March 30, 2013

Fraternities worse than Animal House fail to pay for casualties


"It was the best thing we ever did," said Dave Westol, former executive director of Theta Chi. "You may have five knuckleheads who won't join, and the five who replace them" will stay out of trouble.

Theta Chi membership stood at 5,911 in 1998, when the fraternity voted to go alcohol-free. By 2003, when the ban took effect, it had fallen to 5,126. Westol left in 2006, with membership down to 4,664. In 2010, the national board abandoned the policy. With drinking permitted, membership has rebounded to about 6,700 today.

Declining membership played no role in reversing the alcohol-free policy, Theta Chi Executive Director Michael Mayer said in an email.

Philip Dhanens died of alcohol poisoning after he and other freshmen were locked in a room last August at a Theta Chi chapter at Fresno State University in California until they finished bottles of vodka and tequila.

The national fraternity should have monitored the local chapter more closely, said his mother, Diane Dhanens.

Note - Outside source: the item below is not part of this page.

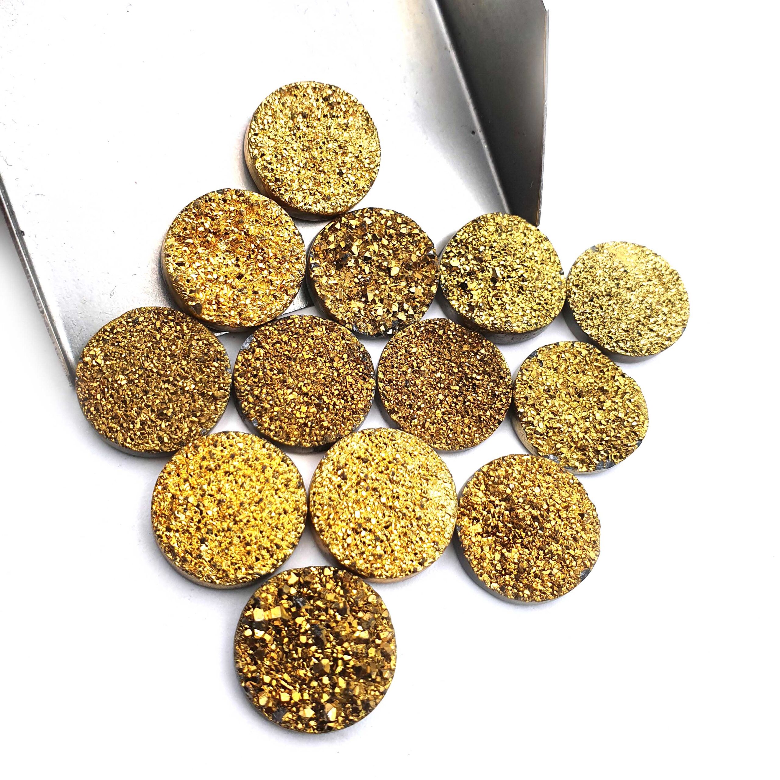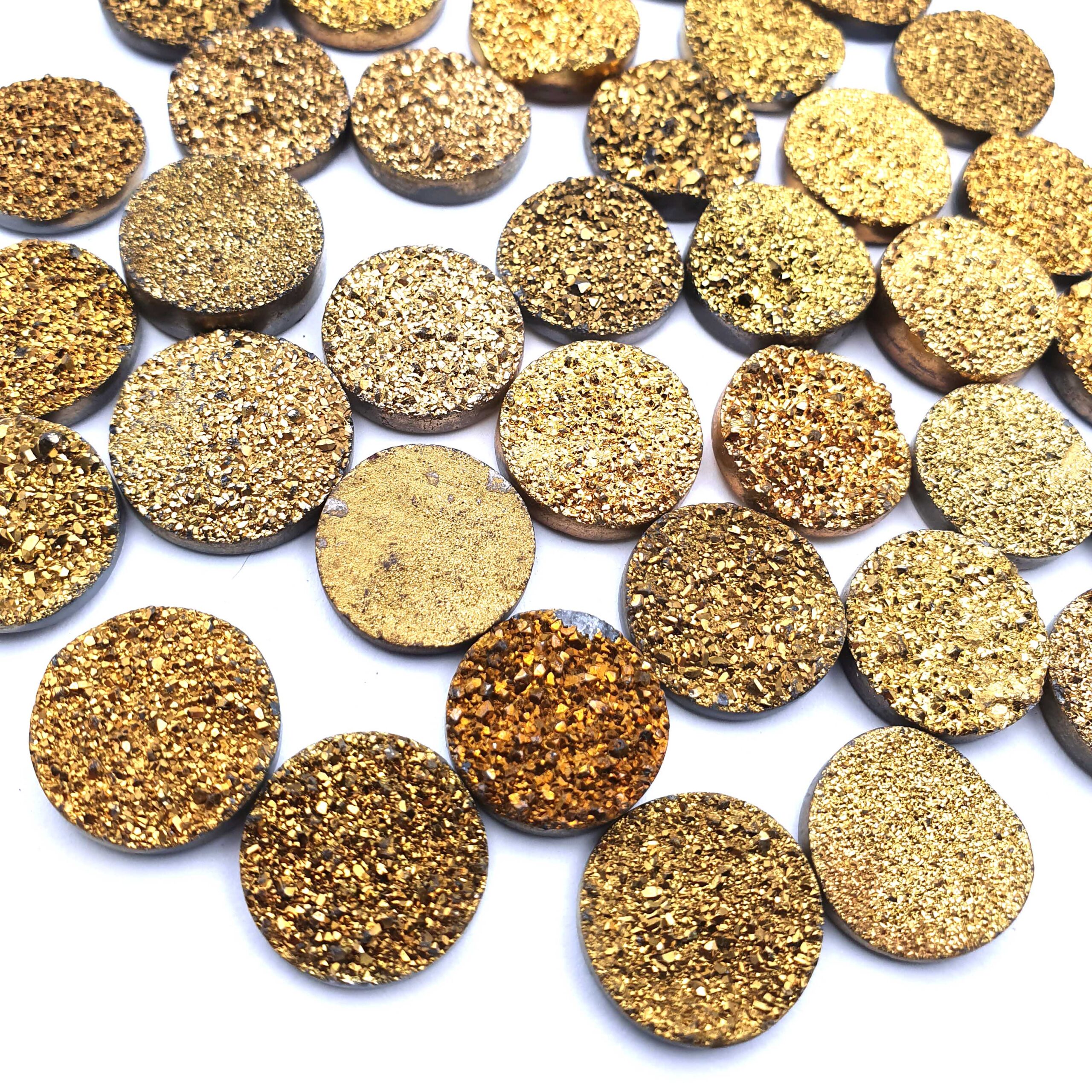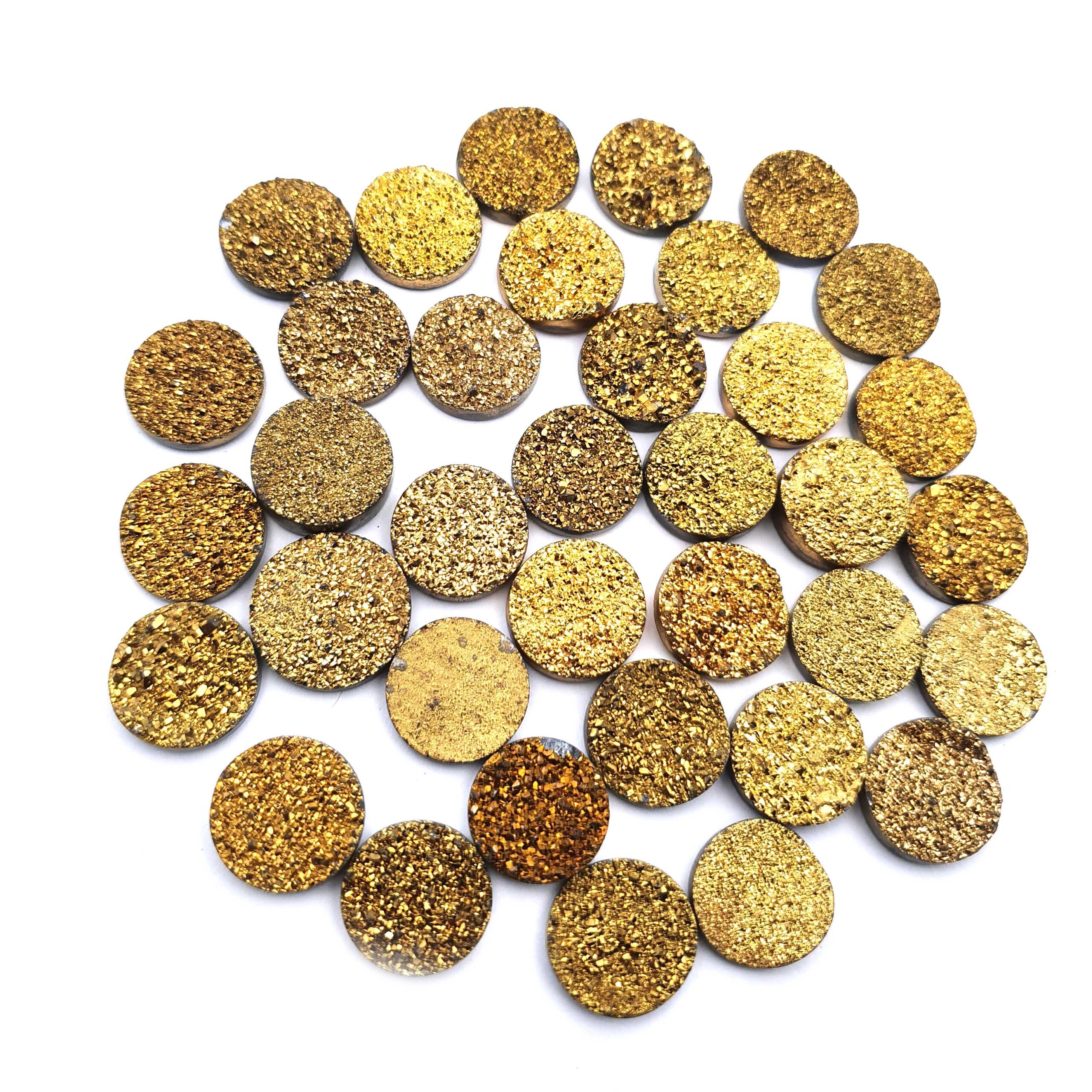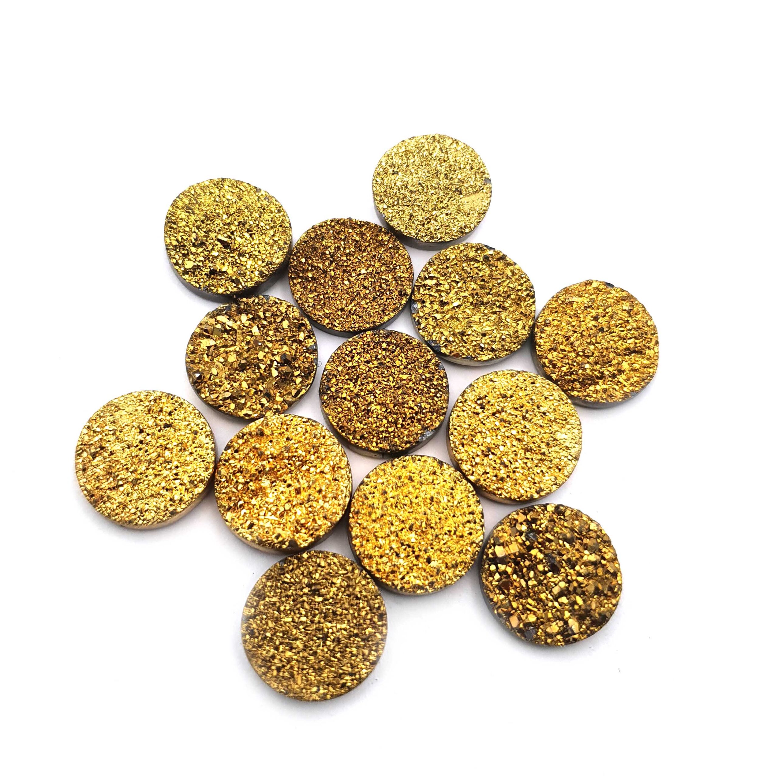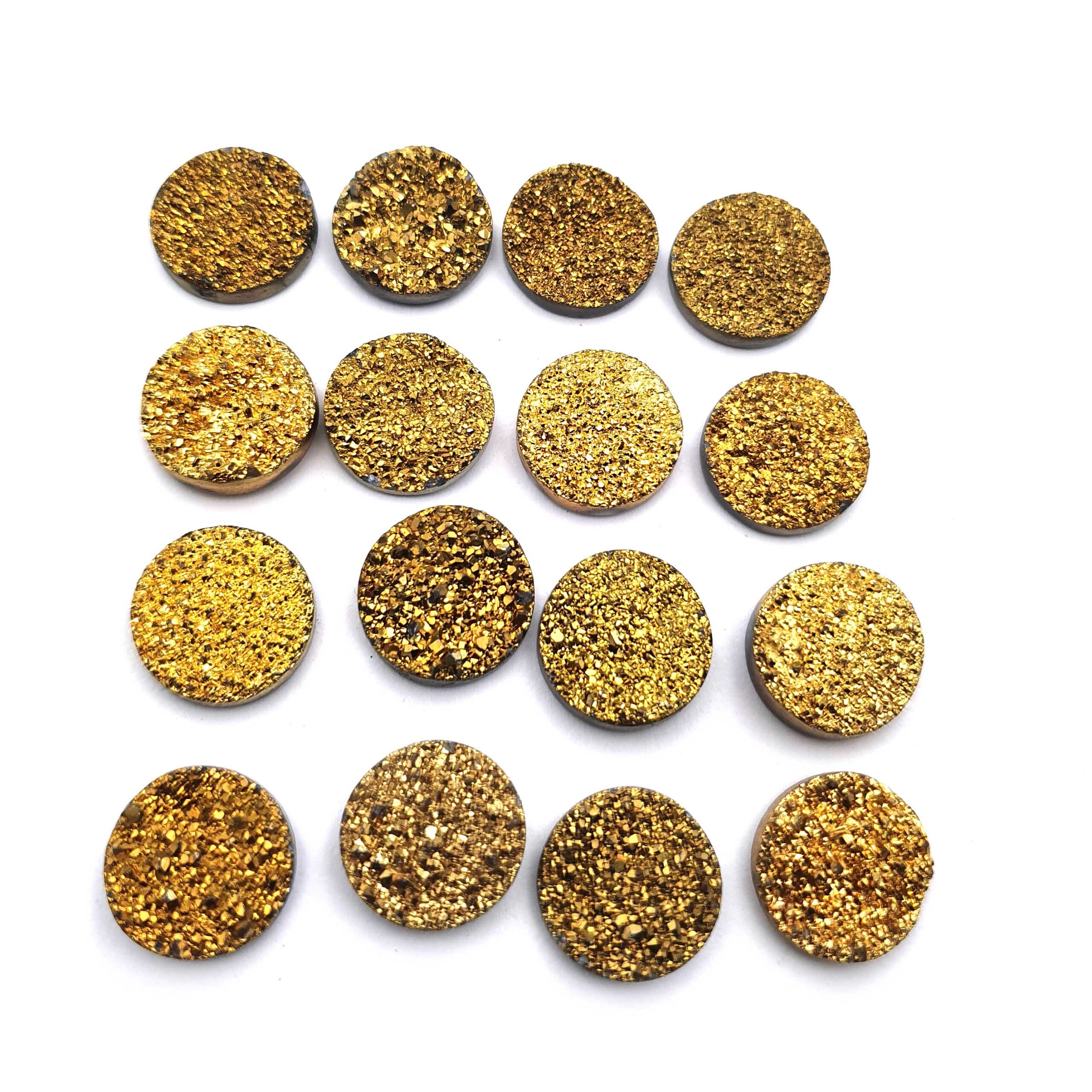 Home Quartz Druzy Quartz Round Cabochon Golden Color Glitter Gemstone 17 Pcs 16 mm 140 CT

She and her husband filed a lawsuit this month against the national fraternity and the chapter.

Fraternity leaders say, "'We'll let you wear Theta Chi,'" she said. "But when something bad happens, 'We're out of here.'"

Theta Chi said in a statement that it revoked the charter of the Fresno State chapter and that it has "strict guidelines prohibiting underage alcohol consumption."

Some national fraternities have segregated assets to avoid liability in high-profile cases. Based in Evanston, Ill., where its headquarters contains a priceless collection of stained-glass Tiffany windows, Sigma Alpha Epsilon has been associated with eight deaths since 2005, the most of any fraternity. Most recently, University of Idaho freshman Joseph Wiederrick, who had been drinking at an SAE party on a Saturday night in January, got lost on his way back to his dorm. The 18- year-old wandered at least five miles, stumbled off an embankment, and froze to death under a bridge.